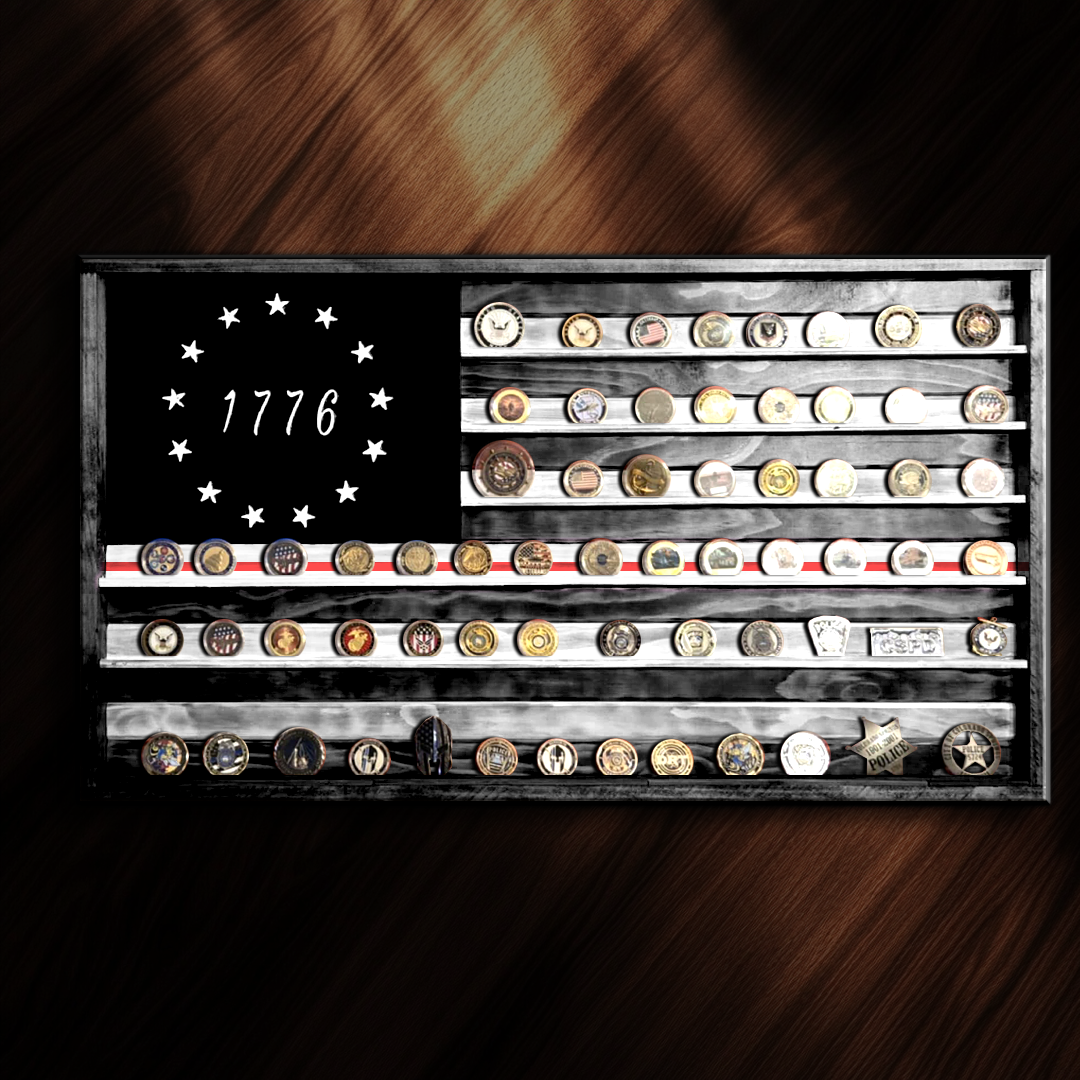For a personal touch, both the Large and Medium flags can be customized with an optional small shelf, featuring a groove beneath each white stripe. Perfect for displaying your challenge coins, badges, or other treasured items. Add the coin shelf for just an additional $20.
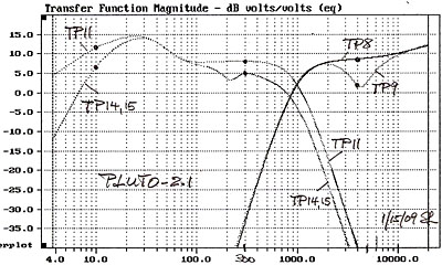 PLUTO-2.1PLUTO, the small 2-way active loudspeaker system that was introduced in 2005 has undergone several changes to improve its acoustic performance and to make it easier to build. Most significantly the woofer/midrange driver was replaced by a special Seas unit to obtain lower non-linear distortion and increased bass output. This became Pluto-2 . It required component changes on the printed circuit board of the original PLUTO to update the equalization and crossover for the new driver. Also a new mounting scheme was introduced for the woofer/midrange driver to improve the looks and to provide an alternative in situations where the original rubber pipe coupler is difficult to find or not desired. The base, which houses the two power amplifiers, the electronic crossover and equalization, was increased in size to make room for larger heat sinks, for ventilation and for easier access to the circuit board. No changes were made in the tweeter selection. The Aura driver is instrumental to the omni-directional PLUTO concept since this tweeter allows for a low 1 kHz crossover frequency and uniform radiation over large off-axis angles up to several kHz due to its small external dimension. I am not aware of another equally well suited driver for this application. I have built, measured and listened to a number of Pluto-2 systems both at home and in other locations. The new Seas driver had required a change in equalization. That change indicated further potential for refinement and I have revisited the equalization process as if starting new. Equalization in my loudspeaker designs is usually a correction of trends in the frequency response. The measured frequency response often hides these trends in some fine grain structure. The fine grain structure is usually the result of reflections in the measurement environment and diffraction from the loudspeaker cabinet. Thus the chosen equalization for a seemingly flat on-axis response may not yield a flat response, if the artifacts could have been removed. Some educated guess work is involved in equalization. It yields more realistic results than the blind equalization of every detail often used in computer software. It is not surprising then that re-equalization can lead to somewhat different woofer and tweeter drive signal frequency responses, especially when the underlying physical phenomena are better understood.
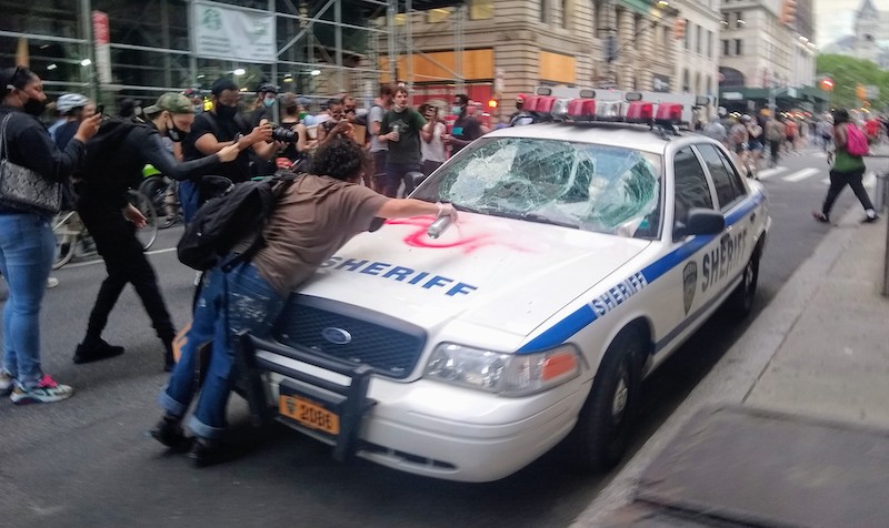 An abandoned sheriff’s car with the windows smashed in and curses spray-painted on the sides was visible on Court Street, where groups have roamed past daily with signs, chanting out loud and blocking buses or traffic. On Saturday, they walked briskly in a loop through the downtown district occasionally stopping to stand in the streets or sit on the steps of borough hall with police cars following at moments. At one point they gathered en masse outside of the Brooklyn Detention Center, where a brick was thrown at the lobby window.
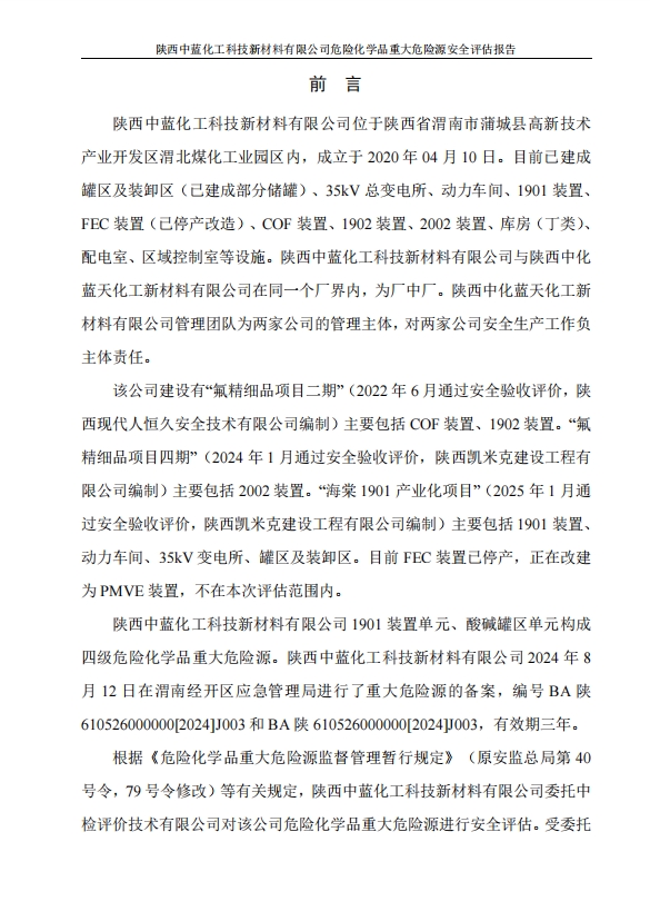 项目简介 | 陕西中蓝化工科技新材料有限公司位于陕西省渭南市蒲城县高新技术产业开发区渭北煤化工业园区内,成立于2020年04月10日。目前已建成罐区及装卸区(已建成部分储罐)、35kV总变电所、动力车间、1901装置、FEC装置(已停产改造)、COF装置、1902装置、2002装置、库房(丁类)、配电室、区域控制室等设施。陕西中蓝化工科技新材料有限公司与陕西中化蓝天化工新材料有限公司在同一个厂界内,为厂中厂。陕西中化蓝天化工新材料有限公司管理团队为两家公司的管理主体,对两家公司安全生产工作负主体责任。 该公司建设有“氟精细品项目二期”(2022年6月通过安全验收评价,陕西现代人恒久安全技术有限公司编制)主要包括COF装置、1902装置。“氟精细品项目四期”(2024年1月通过安全验收评价,陕西凯米克建设工程有限公司编制)主要包括2002装置。“海棠1901产业化项目”(2025年1月通过安全验收评价,陕西凯米克建设工程有限公司编制)主要包括1901装置、动力车间、35kV变电所、罐区及装卸区。目前FEC装置已停产,正在改建为PMVE装置,不在本次评估范围内。 根据《危险化学品重大危险源监督管理暂行规定》(原安监总局第40号令,79号令修改)等有关规定,陕西中蓝化工科技新材料有限公司委托中检评价技术有限公司对该公司危险化学品重大危险源进行安全评估。受委托后,中检评价技术有限公司成立了评估组,评估组在收集相关技术资料及现场勘查的基础上,对该公司危险化学品生产装置和储存设施,进行了认真细致的辨识、评估、计算与分析,并对照相关标准、规范对该公司危险化学品重大危险源进行安全评估,针对已有的安全措施,补充提出了相应的安全建议,得出了明确、合理的重大危险源安全评估结论,并编制了《陕西中蓝化工科技新材料有限公司危险化学品重大危险源安全评估报告》。 | ||||||

*DIRECTIONS*: Word for word, write out the full listing, leaving the pictures aside.

*EXPECTED OUTPUT*:
For a personal touch, both the Large and Medium flags can be customized with an optional small shelf, featuring a groove beneath each white stripe. Perfect for displaying your challenge coins, badges, or other treasured items. Add the coin shelf for just an additional $20.
 PLUTO-2.1PLUTO, the small 2-way active loudspeaker system that was introduced in 2005 has undergone several changes to improve its acoustic performance and to make it easier to build. Most significantly the woofer/midrange driver was replaced by a special Seas unit to obtain lower non-linear distortion and increased bass output. This became Pluto-2 . It required component changes on the printed circuit board of the original PLUTO to update the equalization and crossover for the new driver. Also a new mounting scheme was introduced for the woofer/midrange driver to improve the looks and to provide an alternative in situations where the original rubber pipe coupler is difficult to find or not desired. The base, which houses the two power amplifiers, the electronic crossover and equalization, was increased in size to make room for larger heat sinks, for ventilation and for easier access to the circuit board. No changes were made in the tweeter selection. The Aura driver is instrumental to the omni-directional PLUTO concept since this tweeter allows for a low 1 kHz crossover frequency and uniform radiation over large off-axis angles up to several kHz due to its small external dimension. I am not aware of another equally well suited driver for this application. I have built, measured and listened to a number of Pluto-2 systems both at home and in other locations. The new Seas driver had required a change in equalization. That change indicated further potential for refinement and I have revisited the equalization process as if starting new. Equalization in my loudspeaker designs is usually a correction of trends in the frequency response. The measured frequency response often hides these trends in some fine grain structure. The fine grain structure is usually the result of reflections in the measurement environment and diffraction from the loudspeaker cabinet. Thus the chosen equalization for a seemingly flat on-axis response may not yield a flat response, if the artifacts could have been removed. Some educated guess work is involved in equalization. It yields more realistic results than the blind equalization of every detail often used in computer software. It is not surprising then that re-equalization can lead to somewhat different woofer and tweeter drive signal frequency responses, especially when the underlying physical phenomena are better understood.
 An abandoned sheriff’s car with the windows smashed in and curses spray-painted on the sides was visible on Court Street, where groups have roamed past daily with signs, chanting out loud and blocking buses or traffic. On Saturday, they walked briskly in a loop through the downtown district occasionally stopping to stand in the streets or sit on the steps of borough hall with police cars following at moments. At one point they gathered en masse outside of the Brooklyn Detention Center, where a brick was thrown at the lobby window.
 项目简介 | 陕西中蓝化工科技新材料有限公司位于陕西省渭南市蒲城县高新技术产业开发区渭北煤化工业园区内,成立于2020年04月10日。目前已建成罐区及装卸区(已建成部分储罐)、35kV总变电所、动力车间、1901装置、FEC装置(已停产改造)、COF装置、1902装置、2002装置、库房(丁类)、配电室、区域控制室等设施。陕西中蓝化工科技新材料有限公司与陕西中化蓝天化工新材料有限公司在同一个厂界内,为厂中厂。陕西中化蓝天化工新材料有限公司管理团队为两家公司的管理主体,对两家公司安全生产工作负主体责任。 该公司建设有“氟精细品项目二期”(2022年6月通过安全验收评价,陕西现代人恒久安全技术有限公司编制)主要包括COF装置、1902装置。“氟精细品项目四期”(2024年1月通过安全验收评价,陕西凯米克建设工程有限公司编制)主要包括2002装置。“海棠1901产业化项目”(2025年1月通过安全验收评价,陕西凯米克建设工程有限公司编制)主要包括1901装置、动力车间、35kV变电所、罐区及装卸区。目前FEC装置已停产,正在改建为PMVE装置,不在本次评估范围内。 根据《危险化学品重大危险源监督管理暂行规定》(原安监总局第40号令,79号令修改)等有关规定,陕西中蓝化工科技新材料有限公司委托中检评价技术有限公司对该公司危险化学品重大危险源进行安全评估。受委托后,中检评价技术有限公司成立了评估组,评估组在收集相关技术资料及现场勘查的基础上,对该公司危险化学品生产装置和储存设施,进行了认真细致的辨识、评估、计算与分析,并对照相关标准、规范对该公司危险化学品重大危险源进行安全评估,针对已有的安全措施,补充提出了相应的安全建议,得出了明确、合理的重大危险源安全评估结论,并编制了《陕西中蓝化工科技新材料有限公司危险化学品重大危险源安全评估报告》。 | ||||||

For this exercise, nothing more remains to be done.